VCVTPH2PS __m512 _mm512_maskz_cvtph_ps(__mmask16 k, __m256i a);

VCVTPH2PS __m512 _mm512_cvt_roundph_ps( __m256i a, int sae);

VCVTPH2PS __m512 _mm512_mask_cvt_roundph_ps(__m512 s, __mmask16 k, __m256i a, int sae);

VCVTPH2PS __m512 _mm512_maskz_cvt_roundph_ps( __mmask16 k, __m256i a, int sae);

VCVTPH2PS __m256 _mm256_mask_cvtph_ps(__m256 s, __mmask8 k, __m128i a);

VCVTPH2PS __m256 _mm256_maskz_cvtph_ps(__mmask8 k, __m128i a);

VCVTPH2PS __m128 _mm_mask_cvtph_ps(__m128 s, __mmask8 k, __m128i a);

VCVTPH2PS __m128 _mm_maskz_cvtph_ps(__mmask8 k, __m128i a);

VCVTPH2PS __m128 _mm_cvtph_ps ( __m128i m1);

VCVTPH2PS __m256 _mm256_cvtph_ps ( __m128i m1)

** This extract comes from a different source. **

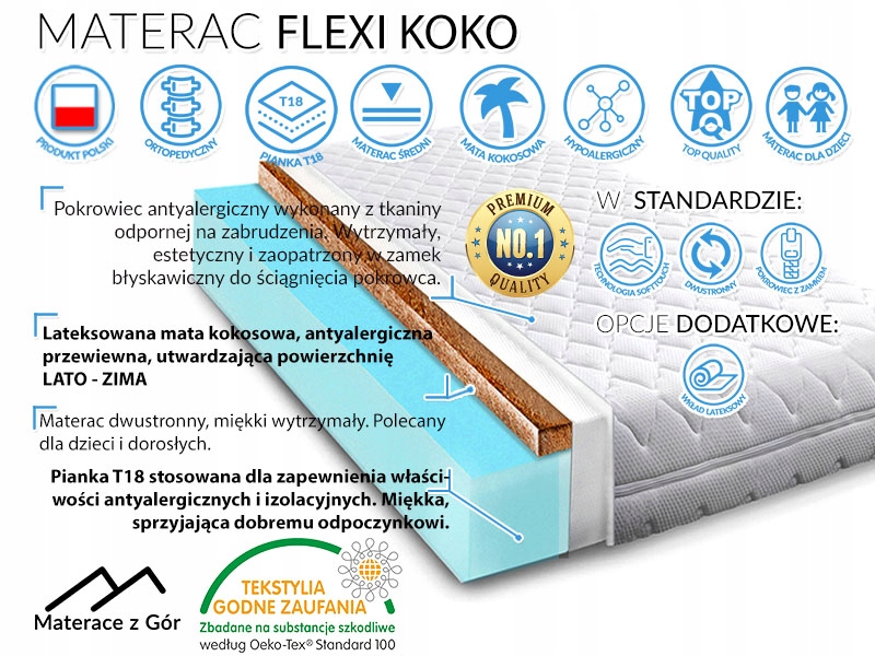 INFOGRAFIKA UWAGA: zalecamy sprawdzenie, czy którykolwiek komponent materaca nie jest czynnikiem alergennym dla użytkownika.

SIMD Floating-Point Exceptions ¶

Invalid

Other Exceptions ¶

VEX-encoded instructions, see Exceptions Type 11 (do not report #AC);

EVEX-encoded instructions, see Exceptions Type E11.

#UD	If VEX.W=1.
#UD	If VEX.vvvv != 1111B or EVEX.vvvv != 1111B.